Tuesday, March 27, 2007

Technology is music to their ears (March 2007)

[The News & Observer article]
[PDF version]




DURHAM -
Sitting at a computer at school, Evan Judd tinkered with his rap remix as if it were a recipe. He added a little percussion, threw in a wailing siren sound here and there, and even spliced in the sound of a ringing telephone.

"It's hard to get the timing right," the 12-year-old said, fiddling with the sound bites on the computer screen.

With audio editing software widely available through personal computers these days, almost anyone can be a record producer--even the pupils at Camelot Academy, a Durham private school just south of downtown.

The small school, like so many nationwide, is pushing to implement more technology into its classes, not stopping with science and math.

"It's a way to use technology in a meaningful way, not just a fancy way to access the same information," said Thelma Glynn, director and founder of the school.

And one of the teachers at the school who does it best is music instructor Matthew Etherington.

It's only his first year at Camelot Academy, but already, students of all ages in his music classes have used computers to mix songs and write their own compositions.

Later this year, one of Etherington's class projects using audio editing software will be featured in a national publication for music educators.

The project required third- and fourth-grade students to listen to the calls of common birds such as song sparrows and the black-capped chickadee and interpret those tunes in musical form.

Using keyboards connected to their computers, the students wrote out the chirpy melodies and played them back, tweaking them to mimic the tone and rhythm of the backyard critters.

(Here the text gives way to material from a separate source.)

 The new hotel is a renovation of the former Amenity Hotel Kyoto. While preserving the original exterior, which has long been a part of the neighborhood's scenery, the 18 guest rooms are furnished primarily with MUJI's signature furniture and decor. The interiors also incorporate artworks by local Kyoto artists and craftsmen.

The computer lab equipped with headphones, special keyboards and the Macintosh software "GarageBand" lets the students experience the sounds of instruments they might never have seen in real life.

"It makes learning way bigger than what can happen in any classroom in any school," Glynn said.

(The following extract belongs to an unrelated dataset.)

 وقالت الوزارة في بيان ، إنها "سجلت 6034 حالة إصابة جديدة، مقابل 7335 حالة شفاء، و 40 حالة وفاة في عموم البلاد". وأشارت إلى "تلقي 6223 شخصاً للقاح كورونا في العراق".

For example, the group of seventh- and eighth-graders in Etherington's music elective class got a unique and challenging assignment a few weeks ago: Listen to an Indian raga, a form of classical music using a scale different from those common in Western music, and recreate it themselves.

Make no mistake -- Etherington's classroom still has many of the items common to music classes that date back decades -- xylophones are stacked in the corner, and shakers and other percussion instruments are tucked away in bins.

"People walk in and see the computers, and say, 'Oh, that's music now?' " Etherington said. "But it's not meant to replace the traditional. It's really enhancing what they do."